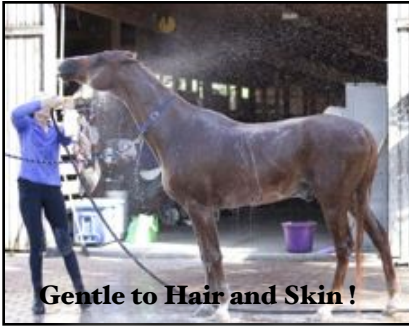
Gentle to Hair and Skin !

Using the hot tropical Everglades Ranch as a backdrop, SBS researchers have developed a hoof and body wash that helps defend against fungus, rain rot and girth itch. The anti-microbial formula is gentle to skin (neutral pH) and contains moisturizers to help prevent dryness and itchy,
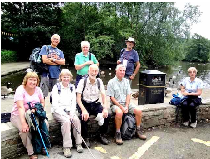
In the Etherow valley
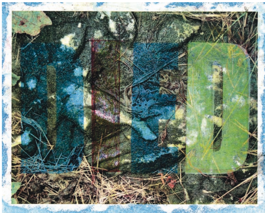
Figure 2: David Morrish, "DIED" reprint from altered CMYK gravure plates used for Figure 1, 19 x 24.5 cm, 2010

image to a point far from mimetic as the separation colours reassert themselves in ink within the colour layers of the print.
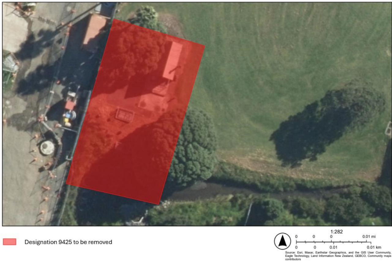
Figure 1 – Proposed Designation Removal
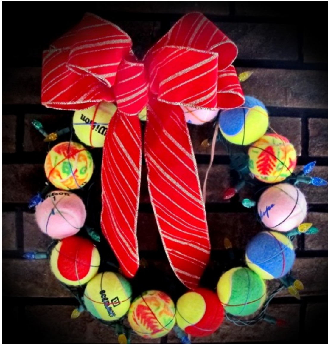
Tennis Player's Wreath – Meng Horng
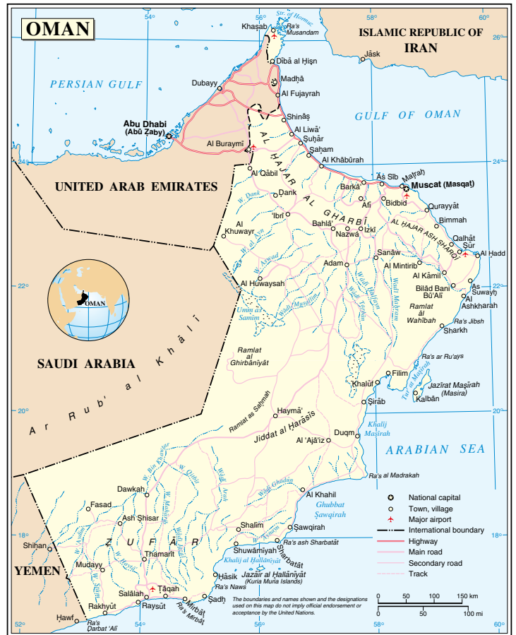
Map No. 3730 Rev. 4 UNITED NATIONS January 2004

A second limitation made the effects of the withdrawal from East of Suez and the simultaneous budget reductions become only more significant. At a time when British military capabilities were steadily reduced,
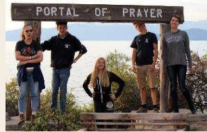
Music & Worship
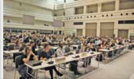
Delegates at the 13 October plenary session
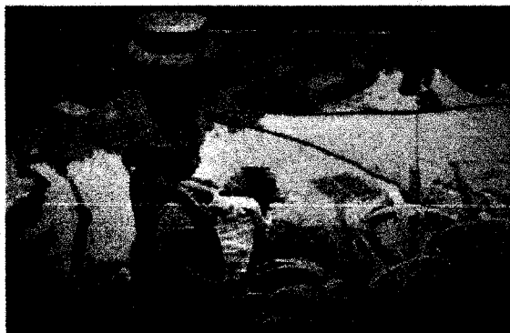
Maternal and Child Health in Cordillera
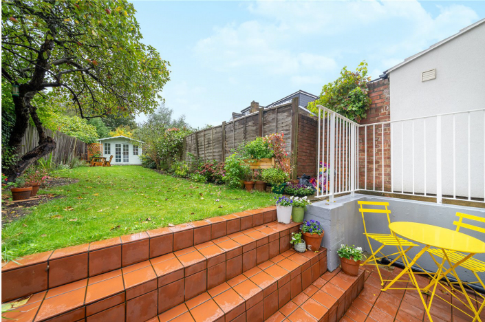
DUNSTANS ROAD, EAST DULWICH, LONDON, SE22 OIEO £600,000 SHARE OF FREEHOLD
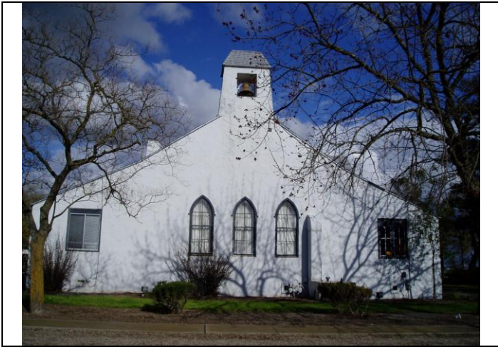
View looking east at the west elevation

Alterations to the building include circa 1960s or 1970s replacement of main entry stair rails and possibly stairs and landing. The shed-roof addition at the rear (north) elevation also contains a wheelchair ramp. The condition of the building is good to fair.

..........

● Problem
Write out the lines from the line with "Tennis Player's Wreath – Meng Horng" through the end of the records exactly; do not include pictures or any other lines.

● Your response
Tennis Player's Wreath – Meng Horng
Map No. 3730 Rev. 4 UNITED NATIONS January 2004

A second limitation made the effects of the withdrawal from East of Suez and the simultaneous budget reductions become only more significant. At a time when British military capabilities were steadily reduced,
Music & Worship
Delegates at the 13 October plenary session
Maternal and Child Health in Cordillera
DUNSTANS ROAD, EAST DULWICH, LONDON, SE22 OIEO £600,000 SHARE OF FREEHOLD
View looking east at the west elevation

Alterations to the building include circa 1960s or 1970s replacement of main entry stair rails and possibly stairs and landing. The shed-roof addition at the rear (north) elevation also contains a wheelchair ramp. The condition of the building is good to fair.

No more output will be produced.